Distribution License

Creative Commons Attribution 4.0 License
This work is licensed under a Creative Commons Attribution 4.0 License.

ISSN

2072-6643

Abstract

Ginger supplementation could be an effective adjuvant treatment for chemotherapy-induced nausea (CIN). The aim of this clinical trial was to address significant methodological limitations in previous trials. Patients (N = 51) were randomly allocated to receive either 1.2 g of standardised ginger extract or placebo per day, in addition to standard anti-emetic therapy, during the first three cycles of chemotherapy. The primary outcome was CIN-related quality of life (QoL) measured with the Functional Living Index- Emesis (FLIE) questionnaire. Secondary outcomes included acute and delayed nausea, vomiting, and retching as well as cancer-related fatigue, nutritional status, and CIN and vomiting-specific prognostic factors. Over three consecutive chemotherapy cycles, nausea was more prevalent than vomiting (47% vs. 12%). In chemotherapy Cycle 1, intervention participants reported significantly better QoL related to CIN (p = 0.029), chemotherapy-induced nausea and vomiting (CINV)-related QoL (p = 0.043), global QoL (p = 0.015) and less fatigue (p = 0.006) than placebo participants.

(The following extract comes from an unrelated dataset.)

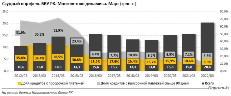В марте текущего года ссудный портфель БВУ РК увеличился всего на 0,7 процента, до 20,45 триллиона тенге. Половина банков из ведущей десятки ушла в минус по данному показателю.

There were no significant results in Cycle 2. In Cycle 3, global QoL (p = 0.040) and fatigue (p = 0.013) were significantly better in the intervention group compared to placebo. This trial suggests adjuvant ginger supplementation is associated with better chemotherapy-induced nausea-related quality of life and less cancer-related fatigue, with no difference in adverse effects compared to placebo.